Il m’aura fallu plus d’un an pour avoir le courage de voir Jusqu’à la garde. On m’avait prévenue, le (premier) long métrage de Xavier Legrand bouleverse. Parce qu’il parle de violences conjugales. Et parce qu’il filme le calvaire de Miriam (Léa Drucker) et de ses enfants (Thomas Gioria et Mathilde Auneveux) non pas comme un drame social ou un documentaire, mais comme un thriller terrifiant où le chasseur (interprété par un Denis Ménochet à vous glacer le sang) n’attend pas la nuit pour traquer sa proie.
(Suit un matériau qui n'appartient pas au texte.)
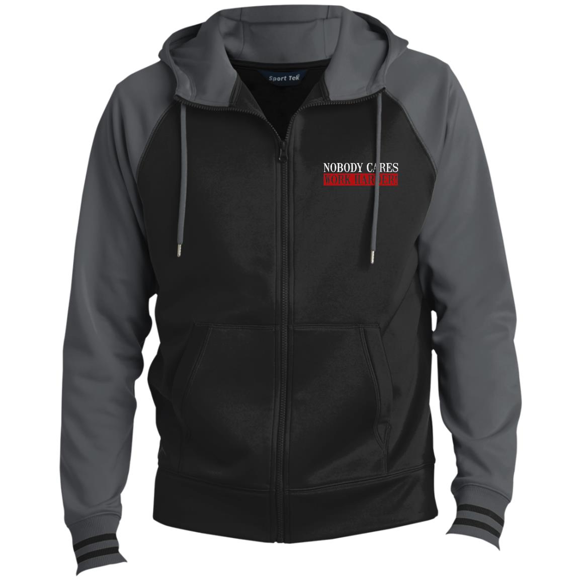 Nobody Cares Work Harder Motivational Fitness Workout Gym Premium Full-Zip Hooded Jacket-Fleece Letterman Jacket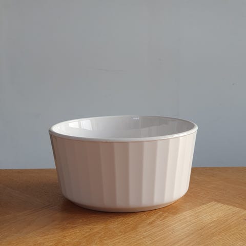 Soufflé skål, Milton Brook England, Klassisk hvid riflet soufflé skål.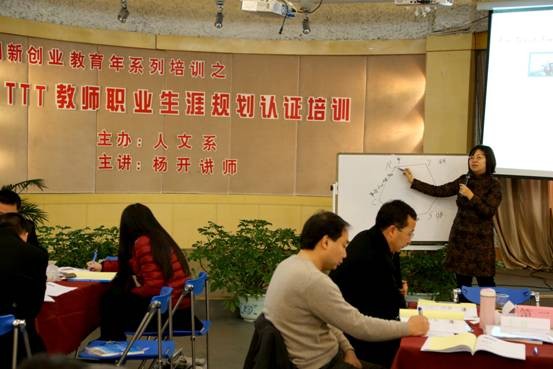 在三天的培训中,杨开老师通过系统授课和别开生面的互动游戏,以轻松、活泼的教学方式和引人深思的具体案例,对大学生职业生涯规划课程进行了详细而生动的讲解。接受培训的老师们从该课程的课程定位、授课内容、课堂组织形式等多方面均有了更新的认识和体会。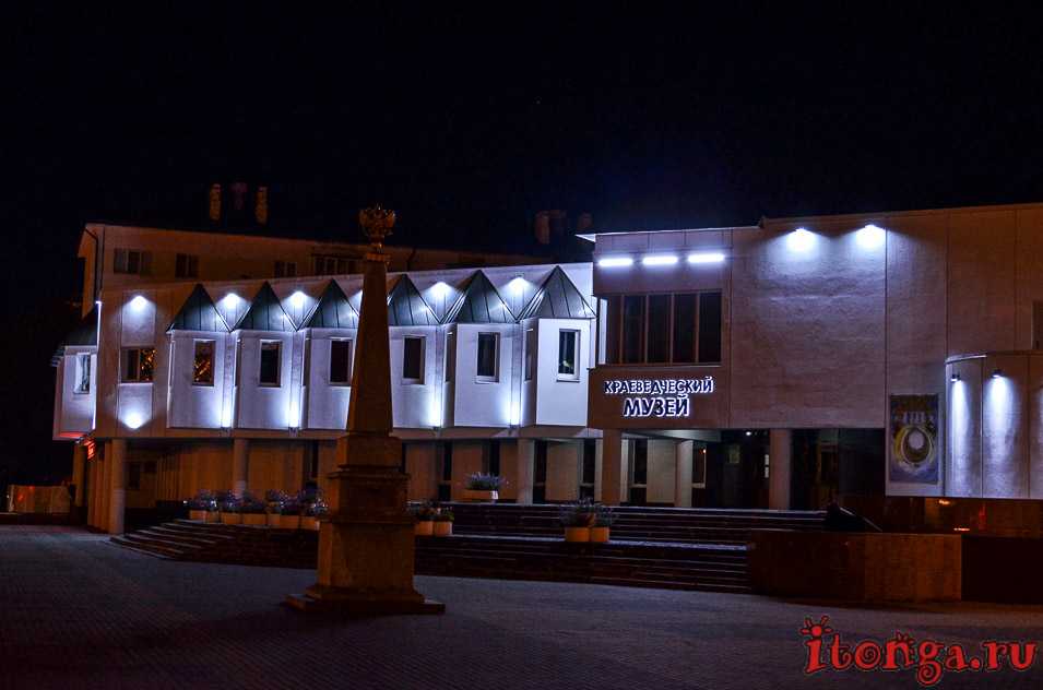Белгород ночью позволяет рассмотреть свои достопримечательности в интересном ракурсе. Например, одной из таких достопримечательностей является Музей-диорама «Курская дуга. Белгородское направление».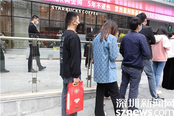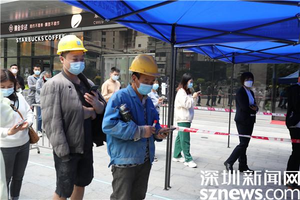 “請戴好口罩,保持一米距離,提前打開健康碼……”走進水貝萬山,周邊商場和店鋪均已關(guān)閉進行消殺,陸續(xù)有周邊市民在核酸檢測點有序排隊檢測。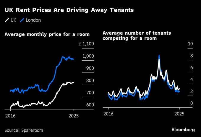 雇用主はエントリーレベルの職種を減らしており、ホスピタリティー産業では最近の増税が採用を鈍らせている。ルームシェア探しの減少は、こうした状況で悪化する若年層の就職環境を反映している恐れがある。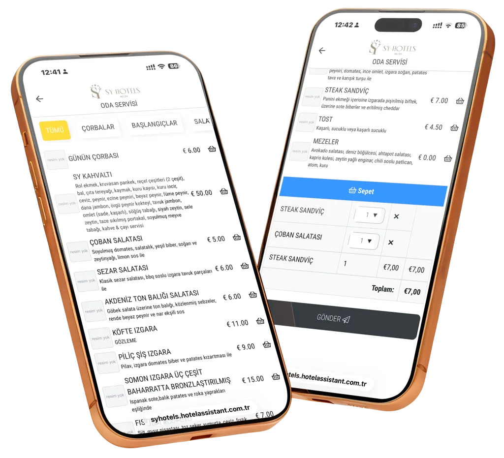 Evet (otel ayarına göre). QR ile veya masa numarası girerek sipariş oluşturulur ve ilgili birime iletilir.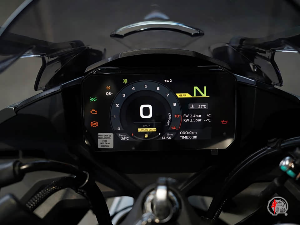449cc双缸水冷发动机,最大功率38kW/9500rpm,扭矩40N·m/7750rpm,优化曲轴配重后动力响应更敏捷。标配双油门拉线及快速升挡功能。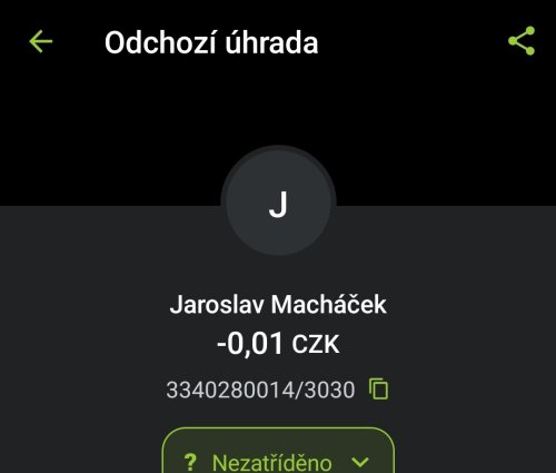 Poslat zprávupřidal/a skutečné jméno majitele účtu: Jaroslav Macháček k bankovnímu účtu: 3340280014/3030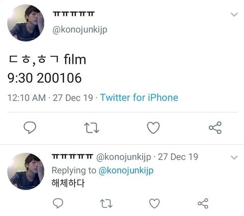 이거 해체 하기전 12월에 올라왔었던 트윗임 도현 한결 film 9시 30분 200106 라고 적고 멘션에는 해체하다 라고 적어둠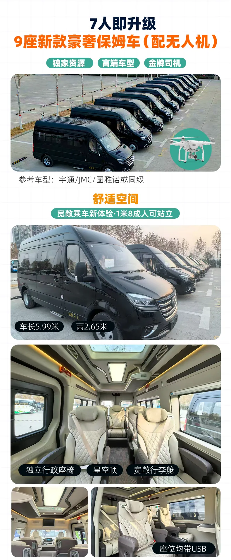 7-8位队员升级2025年新购9座豪奢保姆车(配无人机);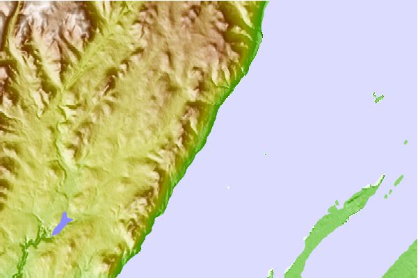 Use this relief map to navigate to tide stations, surf breaks and cities that are in the area of Sault Au Cochon, Quebec.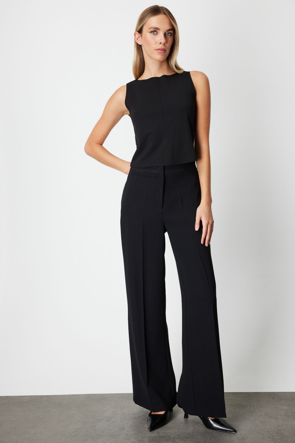 On Kadın Dikiş Detaylı Kolsuz Bluz 61369 Siyah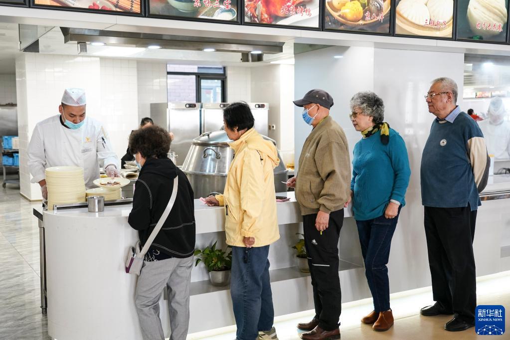 10月12日,在位于河北燕郊的燕達金色年華健康養護中心餐廳內,呂偉業(右一)和老伴兒李戰平(左)與其他老人在排隊取餐。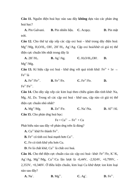 Câu 11. Nguồn điện hoá học nào sau đây không dựa vào các phản ứng hoá học? A. Pin Galvani. B. Pin nhiên liệu. C. Acquy. D. Pin mặt trời.

La montée en tension ne cesse tout au long du film, de la scène d’ouverture chez le juge au final aux airs de Shining. De quoi nous laisser tous sans voix, la boule au ventre. Mais après le bouleversement cinématographique, on revient au réel. Et comme l’a justement rappelé Léa Drucker lors de la dernière cérémonie des César, il y a toutes ces femmes pour lesquelles cette fiction est la triste réalité. Je m’en vais donc reprendre les mots de Xavier Legrand : « Je ne veux pas plomber la soirée, mais je pense qu’il serait temps de penser aux victimes un autre jour que le 25 novembre ». Rien à ajouter.